In the movie, Irene is more of a bad girl, habitually conning rich men for their money or jewelry who may or may not be deserving of such treatment. Her husband from the story is nowhere to be found. The same goes for her career as an opera singer. (Too bad; I would have liked to hear Rachel McAdams sing Carmen or Donna Elvira.) I’m not sure why the filmmakers did this. Also, late in the film she calls him “Sherlock,” and it just seems wrong. The man Holmes has been living with for so many years doesn’t address him by his first name. Even if she’s had sex with him (as the movie implies), why does she get the privilege of using his first name?

No doubt we’ll hear more about Irene being employed (apparently against her will) by Professor Moriarty. We’ll have to see how that plays out in the sequel. I hope they cast somebody badass as Moriarty. Ian McShane seems like a natural fit. Then again, counterintuitive casting is what got us an American actor playing Sherlock Holmes, and it worked pretty well.

6 COMMENTS

  1. The key dating element is the construction of Tower Bridge. Construction began in 1886 and took 8 years; the state of its construction suggests a date of 1888 or 1889 (see various photos). This is approximately consistent with the Canonical dates of Watson’s marriage and Holmes’s first encounters with the Professor.

    I didn’t find Irene Adler’s reference to “Sherlock” out of character. Mycroft also addressed him in this manner, and a female intimate would have a different relationship with Holmes than Watson’s.

  2. I knew that was a clue of some sort. I just wasn’t sure of the name of the structure (architecture not being one of my stronger points), so I didn’t know how to look it up. The late 1880s seems a late date for Lord Blackwood to still be referring to America as “weakened” by the Civil War, but perhaps foreign affairs isn’t one of his stronger points. Thanks, Leslie.

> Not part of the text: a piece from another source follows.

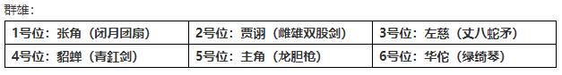 张角控场优先级最高,打出减怒,配合团扇打出沉默,贾诩喷毒,追加扇子带来的毒伤,左慈后排变身,放置于三号位,配合丈八,有效控制,貂蝉配合青釭剑生命百分比伤害打出更高的爆发,主角与华佗不做解释。

  3. Kristian, rewatched the movie again and found it a lot more fun the third viewing than the second for some odd reason. Anyway about the dates, I think Leslie nailed it with the Tower Bridge construction dates; also keep in mind Alice In Wonderland being written in being written in 1865 hasn’t prevented the “down the rabbit hole” being referenced even today, so no surprise it’d be referenced a mere 15 or so years after it was written. Also I think them talking about America being weak after the civil war they’re talking about the death toll the war took on America’s population of men and the troubles of reconstruction. Just my thoughts. Still thought it was a blast of a movie, though I personally can’t speak for adherence to Doyle’s stories.

  4. Actually, Downey used Wing Chun Kung Fu in the movie, not Western pugilism, which is what Holmes would have used; and Watson, despite opportunities to demonstrate Vigny Canne, did not do so. Both were essential elements of Barton-Wright’s Bartitsu curriculum. A huge disappointment to those of us who are boosters of Western martial arts. Another missed opportunity to portray something accurately.

  5. An early scene is Holmes shooting VR into the wall. Queen Victoria was an early and avid reader of Alice. The book has never been out of print and multiple editions were released during the 1880 – 90’s. Be sure to catch the reference to a caterpillar napping in its cocoon in the final ‘hanging’ scene.

    On March 20. 1888, Watson is married and stops in to visit Holmes on the night of his appointment with the hereditary king of Bohemia. In 1883, the king had made the acquaintance of ‘the well-known adventuress’ Irene Adler; and, by 1888, she appears in Holmes’s index. The story ends with her mariage to Mr. Godfrey Norton. In the movie, when Holmes asks if she ‘sold the ring’ , she immediately describes her husband as ‘jealous, boring, and “he snores”. Then she says, ‘I am Irene Adler, again.’; i.e., divorced.

    When Holmes and Watson are in prison, Watson refers to seven months worth of ‘adventures’ in his notebook. Later, his ‘scribbles’ fill a box being loaded on a cart as he moves out of Baker Street in advance of marrying Mary – apparently a timeline failure.